[Task prompt]: Would you return the data below exactly as it stands, with every picture left out?

[Stored data]:

------------------------------

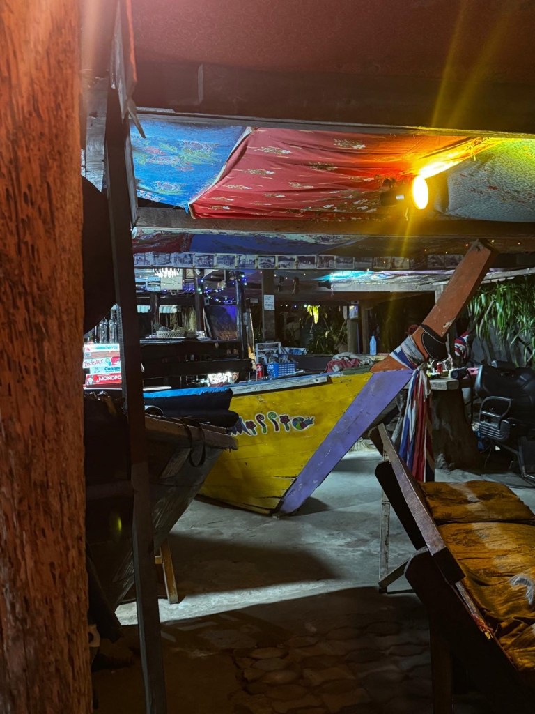 Inside the bar they have incorporated the wreckage of a couple longtail boats that were also destroyed.
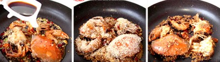 原材: 大肉蟹一只(最好不少于一斤半)、蔥段、姜末、蒜蓉50克(多一些比較香)、干辣椒10個(gè)、面包糠、淀粉、豆豉、生抽、黃酒、白糖。 做法: 1-2、先用20毫升白酒從蟹嘴中灌入,等蟹醉后將其身體刷干凈,斬件分成5部分。 3、將斬件的蟹用白酒略微腌制一下,全部拍上淀粉備用。 4、蒜蓉,姜末,蔥末,豆豉先用油浸泡一天備用, 5、起油鍋,油可以多倒一些,8成熱時(shí),放入蟹肉,蒜蓉炸香后撈起。 6、鍋內(nèi)留一些余油,將泡制一天的4中佐料倒入鍋中,放入干辣椒碎一起炒香。 7、接著放入炸香的螃蟹,倒入生抽,一勺白糖,黃酒,繼續(xù)伴炒入味。 8、看到蒜蓉都炒成焦黃色時(shí),倒入部分面包糠增加色澤, 9、等面包糠與佐料全部融合入味時(shí),即可撈起盛盤。
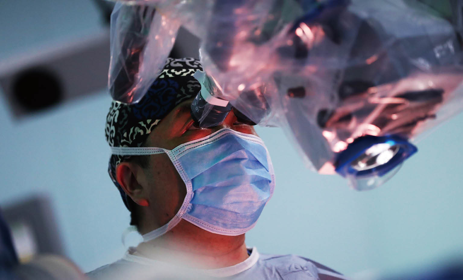 分子可視化手術(shù)導(dǎo)航系統(tǒng),使“不可見”的病理診斷數(shù)據(jù)真正“ 可見”,實(shí)現(xiàn)了針對神經(jīng)腫瘤分子級別的切除。圖為毛穎教授手術(shù)

------------------------------

[Reply to the task]:
 Inside the bar they have incorporated the wreckage of a couple longtail boats that were also destroyed.
 原材: 大肉蟹一只(最好不少于一斤半)、蔥段、姜末、蒜蓉50克(多一些比較香)、干辣椒10個(gè)、面包糠、淀粉、豆豉、生抽、黃酒、白糖。 做法: 1-2、先用20毫升白酒從蟹嘴中灌入,等蟹醉后將其身體刷干凈,斬件分成5部分。 3、將斬件的蟹用白酒略微腌制一下,全部拍上淀粉備用。 4、蒜蓉,姜末,蔥末,豆豉先用油浸泡一天備用, 5、起油鍋,油可以多倒一些,8成熱時(shí),放入蟹肉,蒜蓉炸香后撈起。 6、鍋內(nèi)留一些余油,將泡制一天的4中佐料倒入鍋中,放入干辣椒碎一起炒香。 7、接著放入炸香的螃蟹,倒入生抽,一勺白糖,黃酒,繼續(xù)伴炒入味。 8、看到蒜蓉都炒成焦黃色時(shí),倒入部分面包糠增加色澤, 9、等面包糠與佐料全部融合入味時(shí),即可撈起盛盤。
 分子可視化手術(shù)導(dǎo)航系統(tǒng),使“不可見”的病理診斷數(shù)據(jù)真正“ 可見”,實(shí)現(xiàn)了針對神經(jīng)腫瘤分子級別的切除。圖為毛穎教授手術(shù)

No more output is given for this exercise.